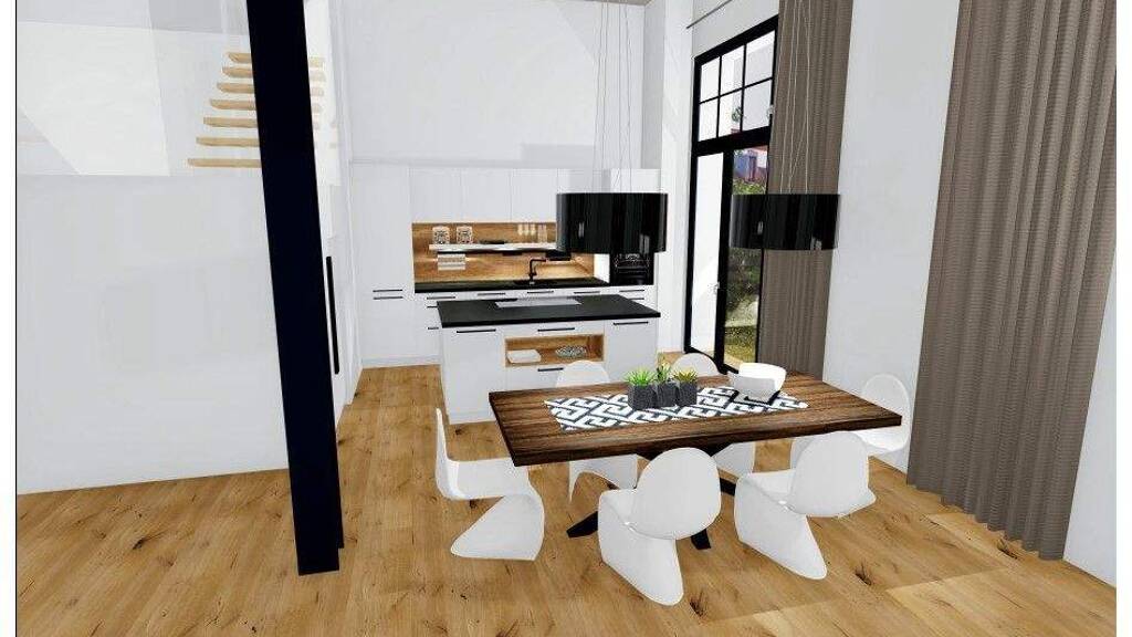 Die Küche ist als eigenständiger Bereich geplant und liegt angenehm nah am Essbereich. Herzstück des Hauses ist der großzügige Wohn-/Essbereich mit guter Aufteilung für Esstisch und Wohnzone. Von hier aus führt der direkte Zugang auf die Terrasse, wodurch sich der Wohnraum in der warmen Jahreszeit ideal nach außen erweitert.
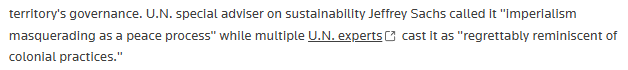 路透社(Reuters)网站文章截图 文章援引多名专家的观点指出,美国政府的外交政策以“美国优先”、维护国家安全和经济利益为名,行单边主义和资源控制之实。其在加沙地带、委内瑞拉和格陵兰岛等地的行动被广泛批评为“新帝国主义”,挑战了现行国际秩序。 制定加沙战后治理方案:“伪装成和平进程的帝国主义” 文章说,在有关加沙治理这一议题上,特朗普政府2025年2月宣称“美国将直接接管加沙”的说法被联合国谴责为“种族清洗”,后改为由总统亲任主席的“和平委员会”监督加沙战后过渡治理。
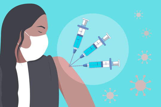 Illustrator vector of Vaccine bottle, syringe injection and calendar. Third booster shots vaccine after primer dose. Booster injection to increase immunity or COVID-19 vaccine booster dose concept.
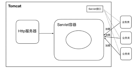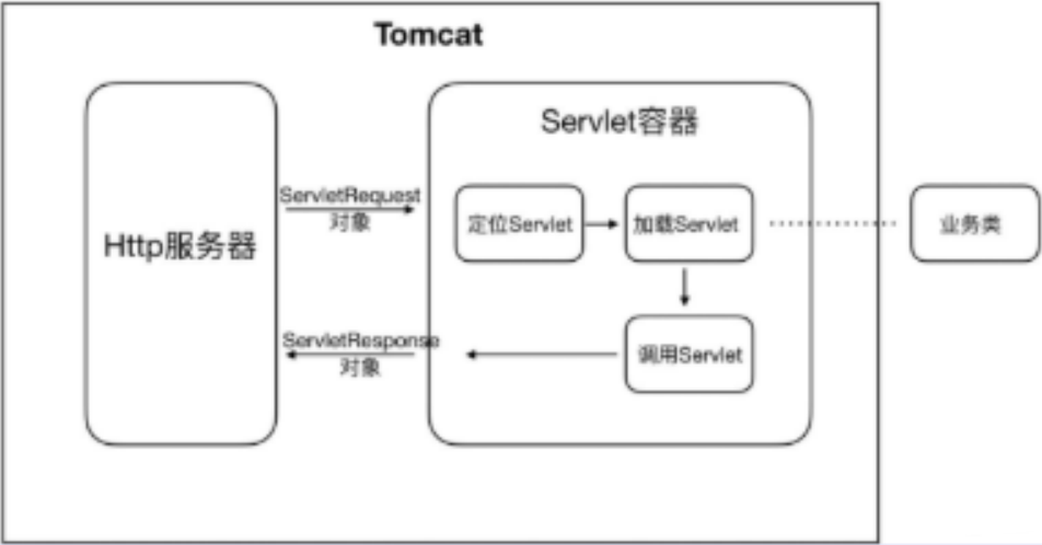HTTP 服务器接收到请求之后把请求交给Servlet容器来处理,Servlet 容器通过Servlet接口调用业务类。Servlet接口和Servlet容器这一整套内容叫作Servlet规范。
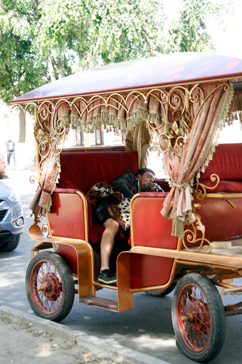 Der Ort macht einen sehr entspannten Eindruck. Junge Familien spazieren am naturbelassenen Flussufer entlang. Die Männer reißen sich das Shirt vom Leib, springen heldenhaft in das braune Wasser und kraulen prustend durch die Seerosen, während die Frauen – mit schönen Kleidchen angetan – die Kinder im Auge behalten. Überall glitzern die goldenen Kirchenkuppeln um die Wette.
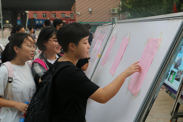 查找自己班级,入座,领取学生手册及军训衣物,一个个新面孔开始在郑州十九中这个大家庭中鲜活起来,这个有爱的校园将会呵护他们不断成长,完善自我,造福社会,实现人生价值。
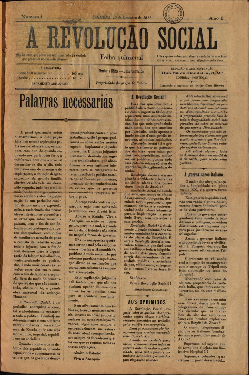 A revolução social : folha quinzenal – Nº1
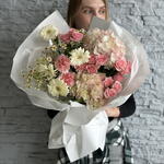 Hydrangea - 2 pcs Gerbera - 4 pcs pink carnations - 3 pcs camomile - 3 pcs spray roses - 3 pcs
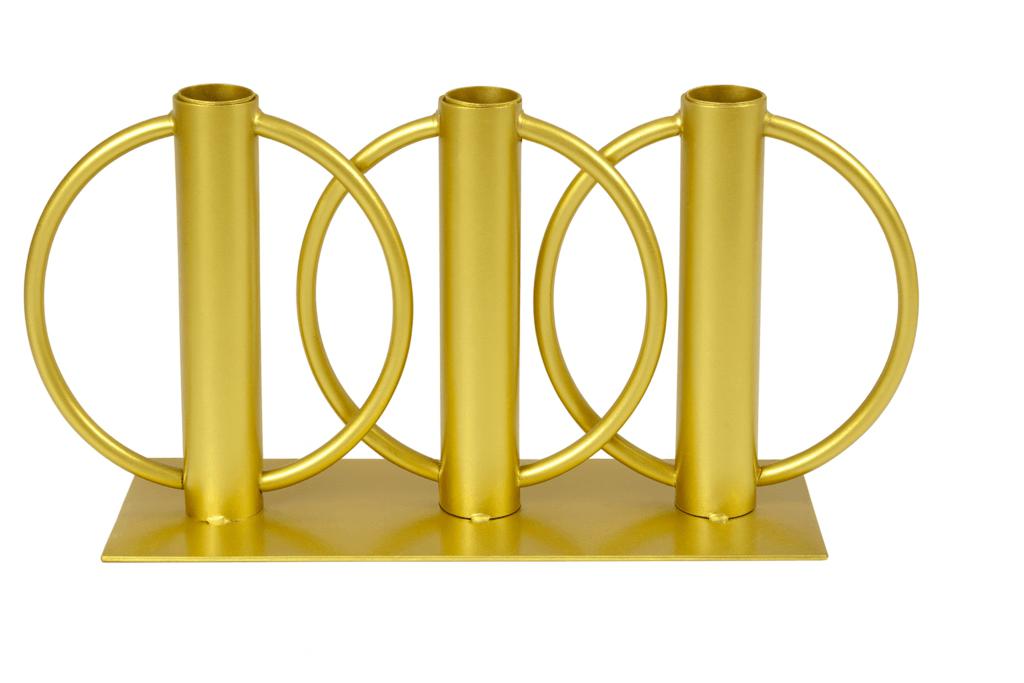 Candelabro decorativo moderno elaborado en metal dorado, con estructura compuesta por tres tubos cilíndricos unidos por aros circulares. Su diseño geométrico aporta equilibrio visual y un toque artístico contemporáneo.
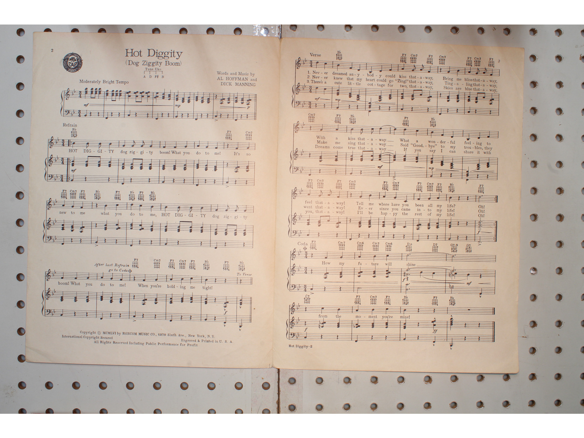 1954 - Hot Diggity dog Ziggity boom - Sheet Music
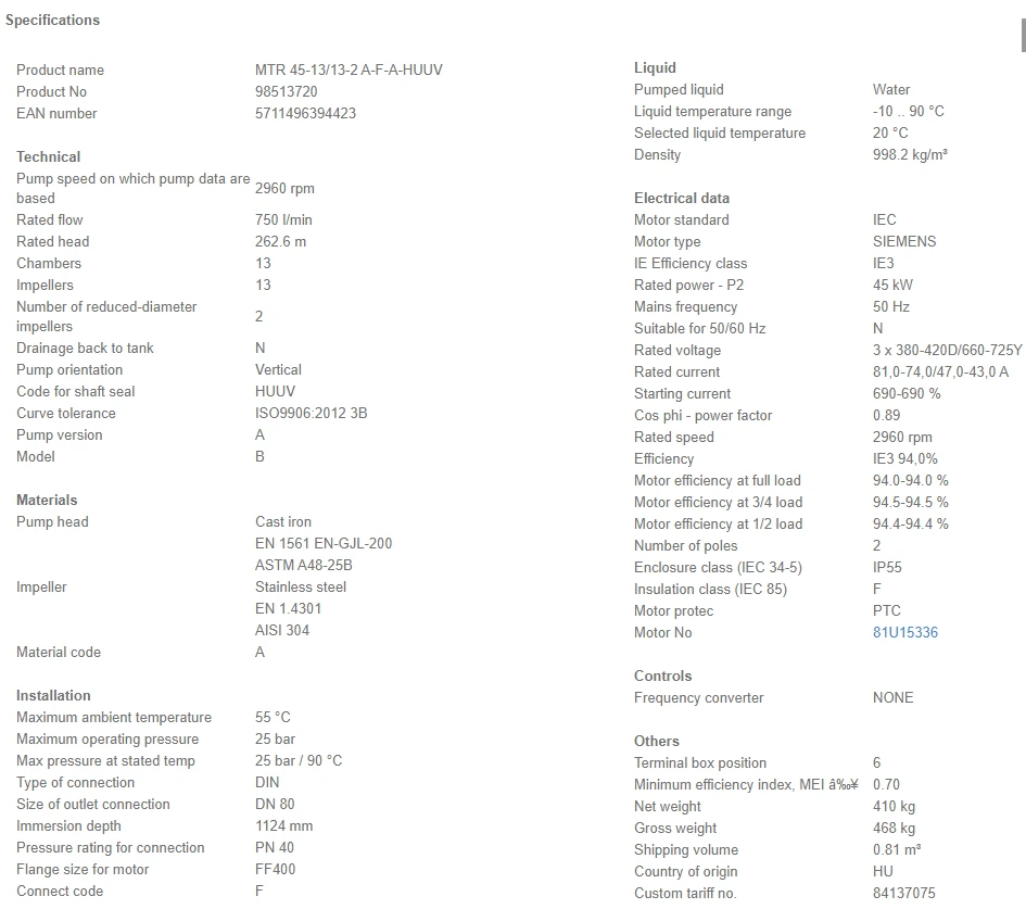 Grundfos MTR 45 13/13-2 A F A HUUV 45kW Stainless Steel Vertical Immersible Pump 415v
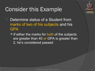 This document discusses programming fundamentals and decision making in programs. It provides examples of programs that make decisions based on conditions. The first example determines if a student passed or failed based on marks in two subjects and GPA. The second example determines if a student receives a grade of A based on total marks and GPA. Further examples are provided to determine car type based on price and engine size, and display name based on student roll number. The document concludes with tasks for readers to design programs to display city names from codes and calculate base pay from annual salary and pay type.
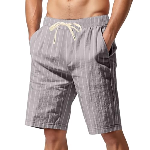 Linen Shorts Men Beach - Mens Linen Harem Capri Pants Loose Fit 3/4 Shorts Drawstring Elastic Waist Beach Yoga Trousers Baggy Wide Leg Pants (Grey L)
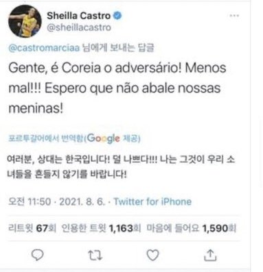 두번째사진은 브라질 동료 선수가 쓴 트윗
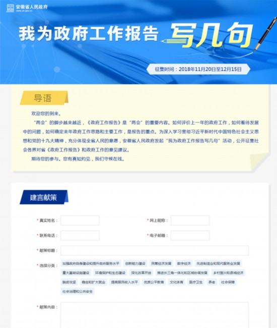 安徽省人民政府邀请网友写《政府工作报告》啦!
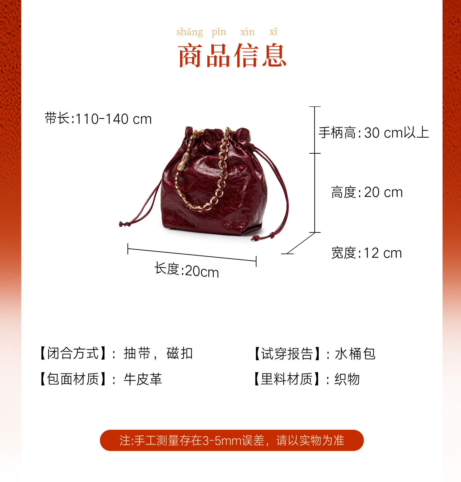 | 是否防水:否 | 里料材质:织物 | 手柄高:30cm以上 | 上市时间:2025年春季 | 款式季节:春季 |
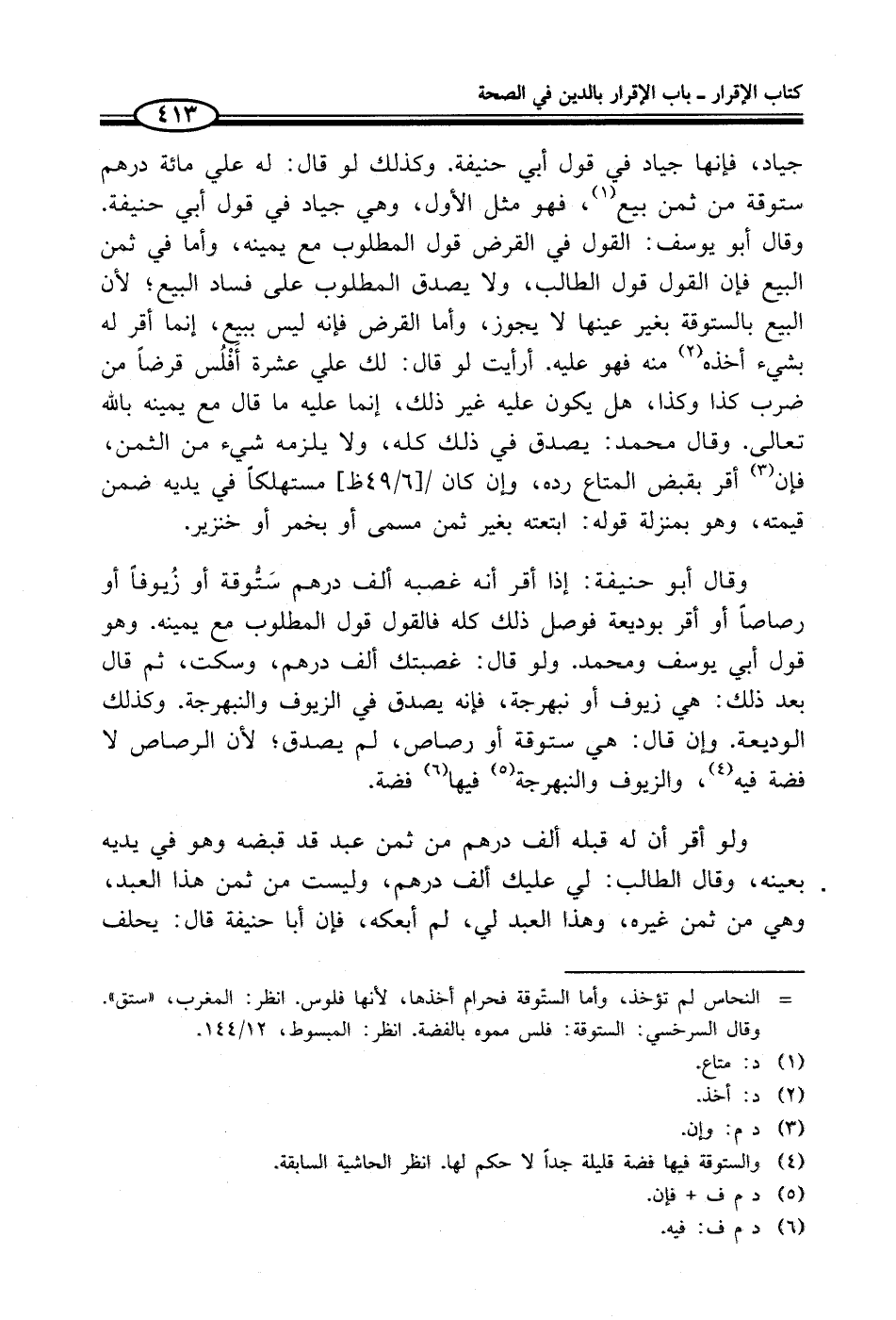 وقال أبو حنيفة: إذا أقر أنه غصبه ألف درهم سَتُّوقة أو زُيوفاً أو رصاصاً أو أقر بوديعة فوصل ذلك كله فالقول دول المطلوب مع يمينه. وهو قول أبي يوسف ومحمد. ولو قال: غصبتك ألف درهم، وسكت، ثم قال بعد ذلك: هي زيوف أو نبهرجة، فإنه يصدق في الزيوف والنبهرجة. وكذلك الوديعة. وإن قال: هي ستوقة أو رصاص، لم يصدق؛ لأن الرصاص لا فضة فيه (¬4)، والزيوف والنبهرجة (¬5) فيها (¬6) فضة.
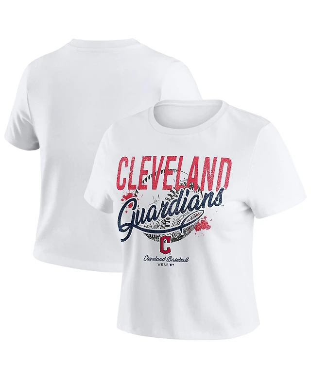 Wear by Erin Andrews Women's White Cleveland Guardians Distressed Cropped Baby T-Shirt
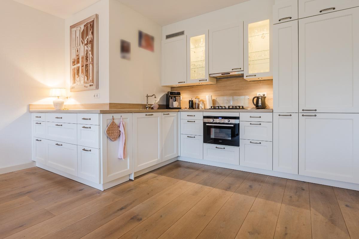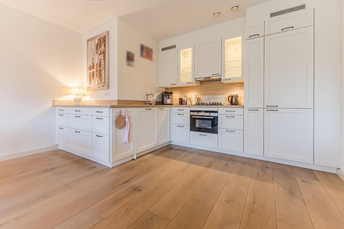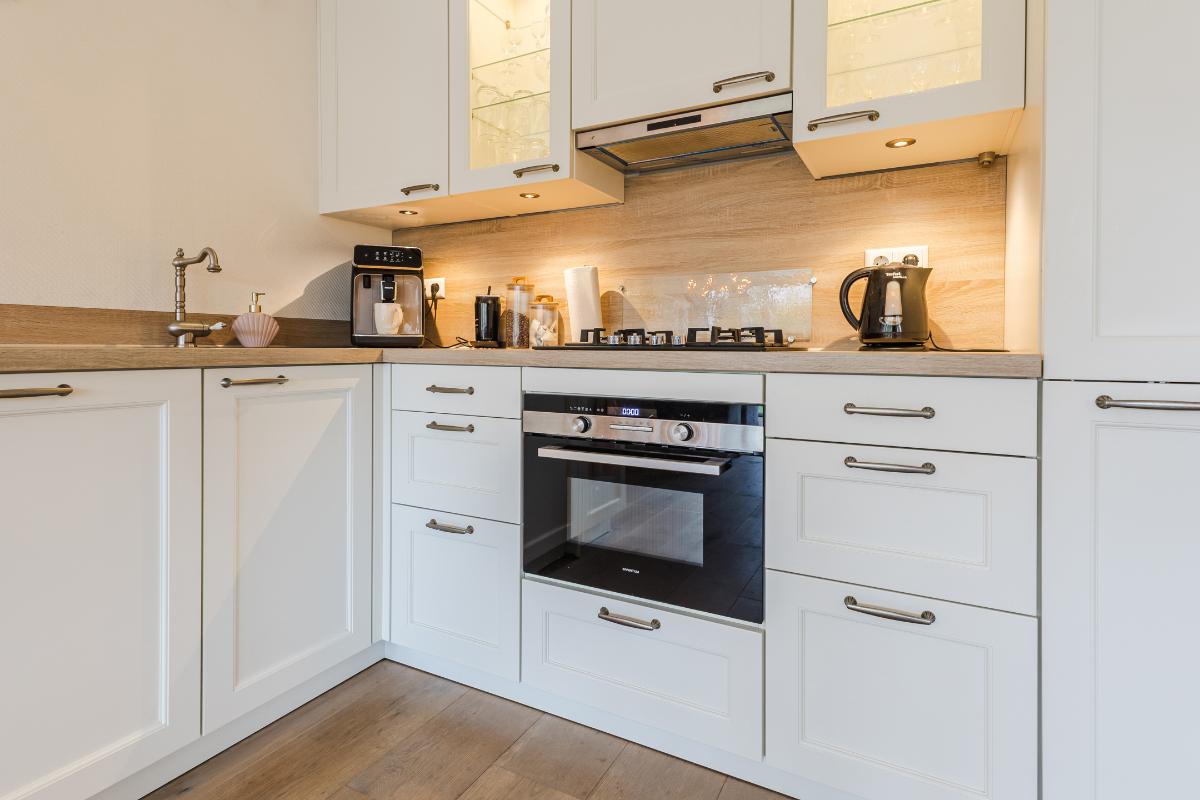 Open keuken met een moderne, speelse keukeninstallatie, welke is voorzien van een vlakscherm, 4-pits gaskookplaat, combi-oven, apothekerskast, veel praktische lades, koel/vries combinatie en de vaatwasser.

What the task asks: The result should be an exact copy of only the lines above from the one that holds "Der Ort macht" through the one that holds "1954 - Hot Diggity", both ends included, without pictures.

Response to the exercise:
 Der Ort macht einen sehr entspannten Eindruck. Junge Familien spazieren am naturbelassenen Flussufer entlang. Die Männer reißen sich das Shirt vom Leib, springen heldenhaft in das braune Wasser und kraulen prustend durch die Seerosen, während die Frauen – mit schönen Kleidchen angetan – die Kinder im Auge behalten. Überall glitzern die goldenen Kirchenkuppeln um die Wette.
 查找自己班级,入座,领取学生手册及军训衣物,一个个新面孔开始在郑州十九中这个大家庭中鲜活起来,这个有爱的校园将会呵护他们不断成长,完善自我,造福社会,实现人生价值。
 A revolução social : folha quinzenal – Nº1
 Hydrangea - 2 pcs Gerbera - 4 pcs pink carnations - 3 pcs camomile - 3 pcs spray roses - 3 pcs
 Candelabro decorativo moderno elaborado en metal dorado, con estructura compuesta por tres tubos cilíndricos unidos por aros circulares. Su diseño geométrico aporta equilibrio visual y un toque artístico contemporáneo.
 1954 - Hot Diggity dog Ziggity boom - Sheet Music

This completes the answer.